The session on Jan. 27 was the first in which students could participate as trainees.

Previously the Task Force had focused on training faculty and staff because they believed it was of upmost importance they understood the concerns of LGBTQ+ students first. Senior Maggie Watt, who participated in the training, thinks expanding the program to students is a crucial step.

“While I find it very important for students to identify faculty/staff who are allies, it can be equally important to do the same with peers,” said Watt, a pre-med student. “Although it doesn’t seem like much, the visibility that a Safe Zone sticker, pin or sign provides can offer needed support for a student who may need to seek out an ally.”

The Safe Zone program at Marietta College was developed by the LGBT Task Force, which was created in fall 2012 by the Office of Diversity and Inclusion for this sole purpose. The first Safe Zone trainings were held in spring 2014. Jeff Cordell and Andrea Euser-Miller currently serve as co-chairs of the LGBT Task Force and have continued the Safe Zone program. Before the Jan. 27 session, the program had trained nearly 40 faculty and staff members.

Every Safe Zone member receives a sticker to place on their office door. According to Cordell, this is done because the program is all about providing space.

These are signs that this campus has space where there are people conscious of our journeys to discover who we are, just as there are spaces like clubs and teams to express other aspects of our identity,” he said.

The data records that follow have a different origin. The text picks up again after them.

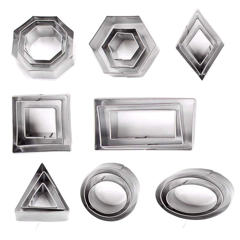 - Baking Tools Cookie Cutter Set (24 Pieces/Set) Mini Fruit Shapes Stainless Steel Metal Round Square Cutter for Kitchen.
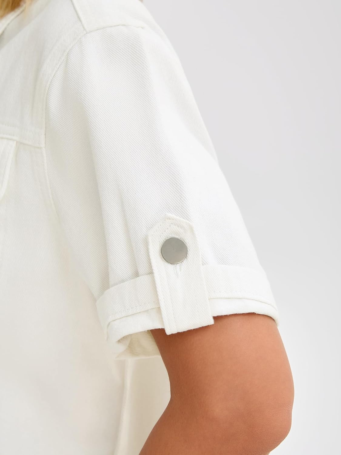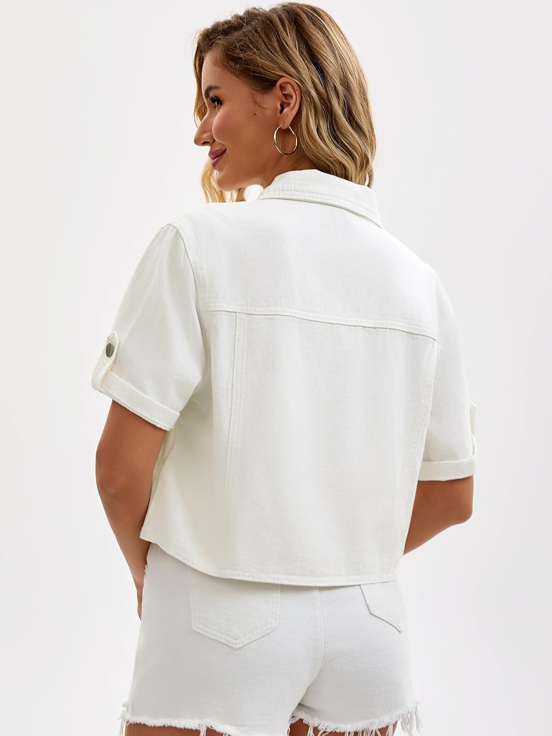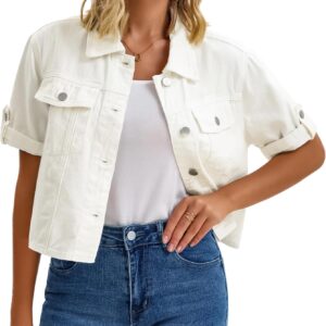 - Classic button-up closure and short sleeves make this jacket easy to pair with dresses, tops, or jeans, making it a versatile piece in your wardrobe.
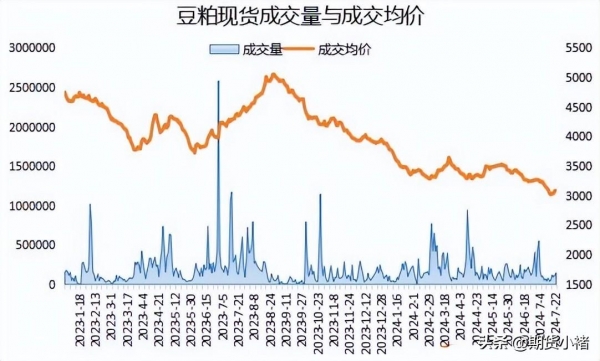 大家知道国内豆粕价格主要受美豆走势以及国内供需形势两方面影响,国际方面,近一个月来,美国降雨充沛,大豆优良率回升,美豆价格大幅下跌;国内方面,6月中旬以来,豆粕库存持续增加,价格持续下跌。其中期货2409合约累计下跌近500元/吨,现货价格下跌350~400元/吨。据了解,近期市场持续看空的心态有所松动部分企业考虑8月份逐步增加备货。
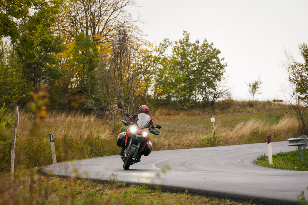 Wspólny posiłek z pasjonatami motocykli z różnych europejskich krajów był idealnym zwieńczeniem pierwszego dnia. Podczas kolacji rozmawialiśmy o przemierzaniu świata na dwóch kołach i niesamowitych przygodach z jednośladami w tle. Multistrada V2 to motocykl doskonały do takich podróży. Jest komfortowy, intuicyjny i łatwy w prowadzeniu. Zapewnia też odpowiedni poziom bezpieczeństwa, co udowodnił na mokrej nawierzchni, a zwłaszcza na odcinakach pokrytych śliską warstwą liści. Zgodnie z zaleceniem przewodnika grupy, tego dnia podróżowaliśmy głównie w trybie jazdy Urban, który przeznaczony jest do jazdy w deszczowych warunkach. Kontrola trakcji i ABS interweniują wcześniej niż w pozostałych trybach, a aktywne zawieszenie ma bardziej miękką charakterystykę pracy. W ulewie opony Pirelli Scorpion Trail II zapewniały dużą pewność prowadzenia, a komfort jazdy poprawiały podgrzewane manetki. Wszyscy liczyliśmy jednak na to, że kolejnego dnia pogoda dopisze nam na tyle, abyśmy mogli w końcu wykorzystać pełny potencjał drzemiący w motocyklu turystycznym z Borgo Panigale.
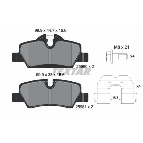 1 kép TEXTAR fékbetétkészlet, tárcsafék TEXTAR 2598001
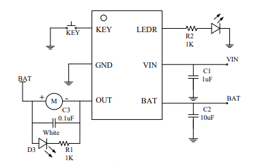 集成线性充电,按键控制及直流电机驱动三合一芯片 YX2818
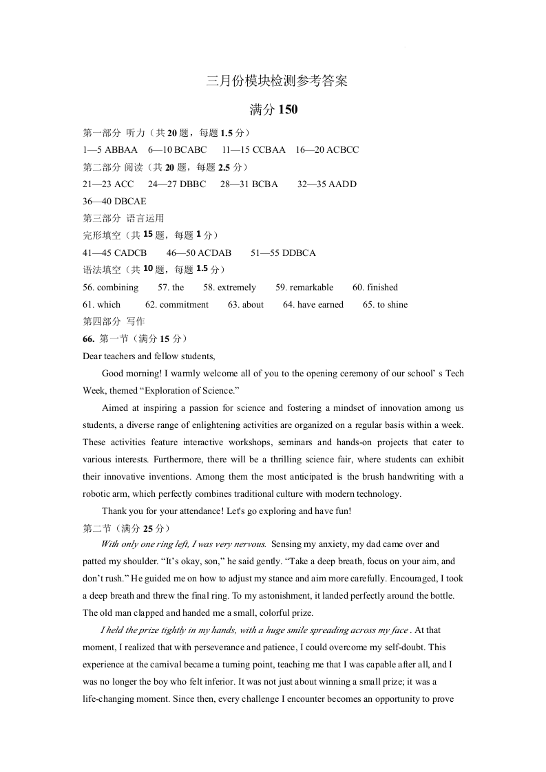 山东省济宁市实验中学2024-2025学年下学期3月高二月考英语答案
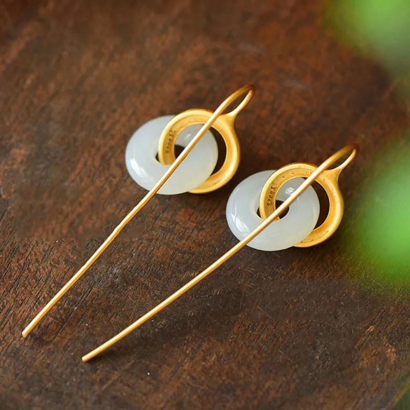 和田玉喜の字のイヤリングの銀の金メッキの白玉の祝い事の如意の耳飾りの宮廷風の美しいファッションの幾何学のイヤリング
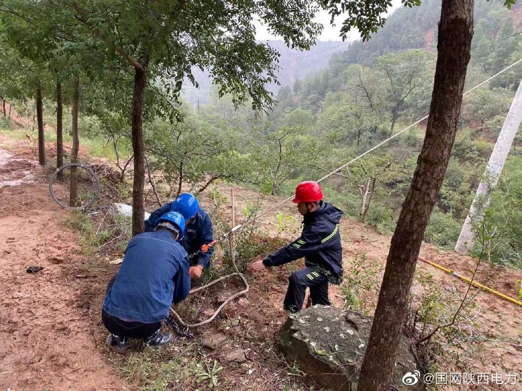 10月1日,国网韩城市供电公司人员抢修因连续下雨受损的电力线路。图片来源:国网陕西电力微博
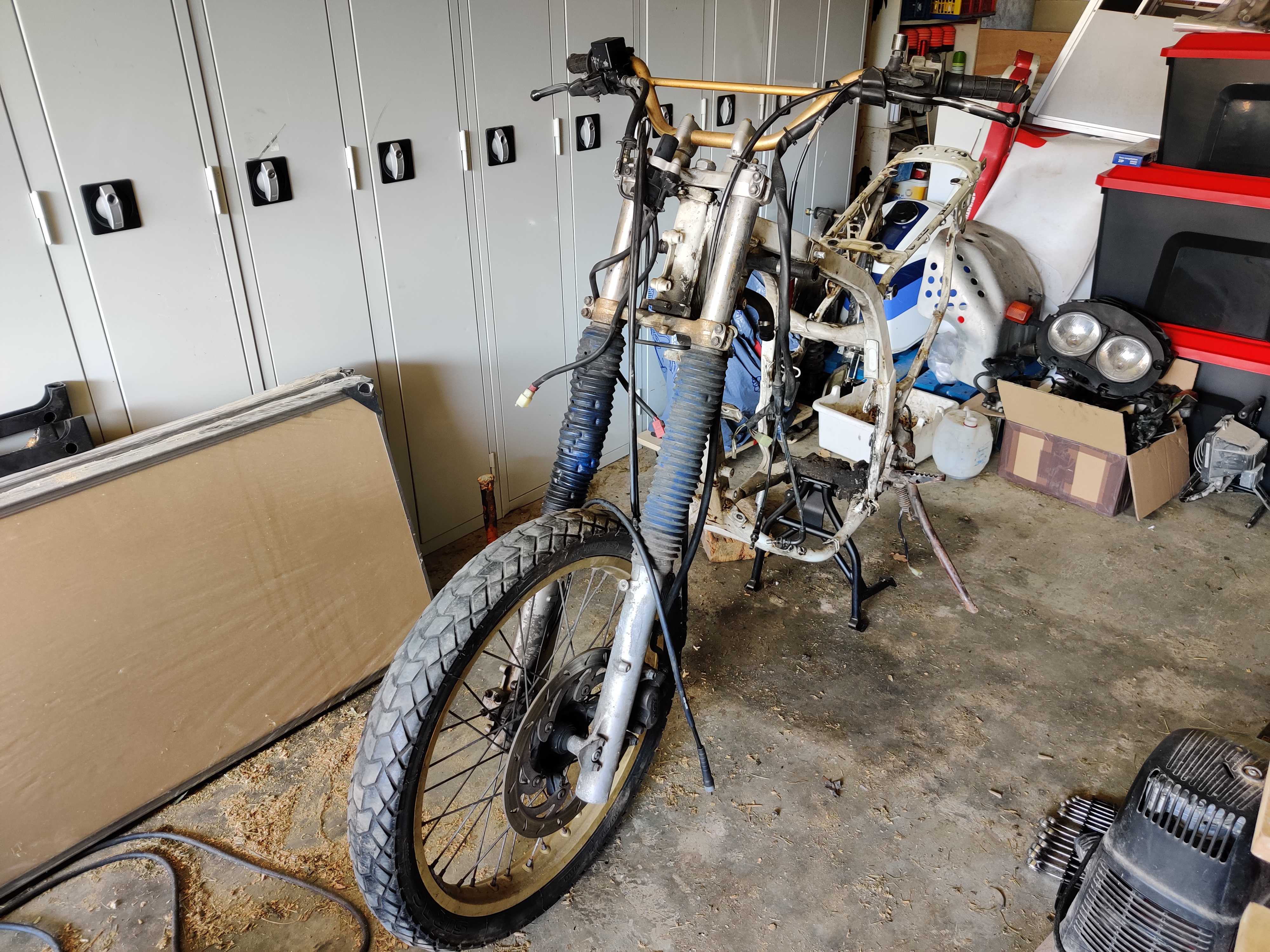 Il lui reste encore la roue avant, la fourche, guidon et quelque babioles.

Cordell also expressed enthusiasm, particularly since students can be “moving Safe Zones” by placing Safe Zone stickers and buttons on backpacks or laptops.

Moving forward, Cordell said the Task Force plans to test the impact of Safe Zone through another survey. The goal is then to gradually dissolve the Task Force while informing the college administration how to keep the operation moving forward with higher-level oversight.

In the meantime, Cordell hopes to hold Safe Zone trainings for student organizations so that they collectively become Safe Zones which he believes has the potential to “open a lot of hearts and minds”.

Ultimately, he says the program needs to continue in one way or another to change attitudes about the college.

“I hope we can get to the place where we are just known for being an accepting campus, instead of what I think we tell ourselves, which is that we are a less accepting place,” he said.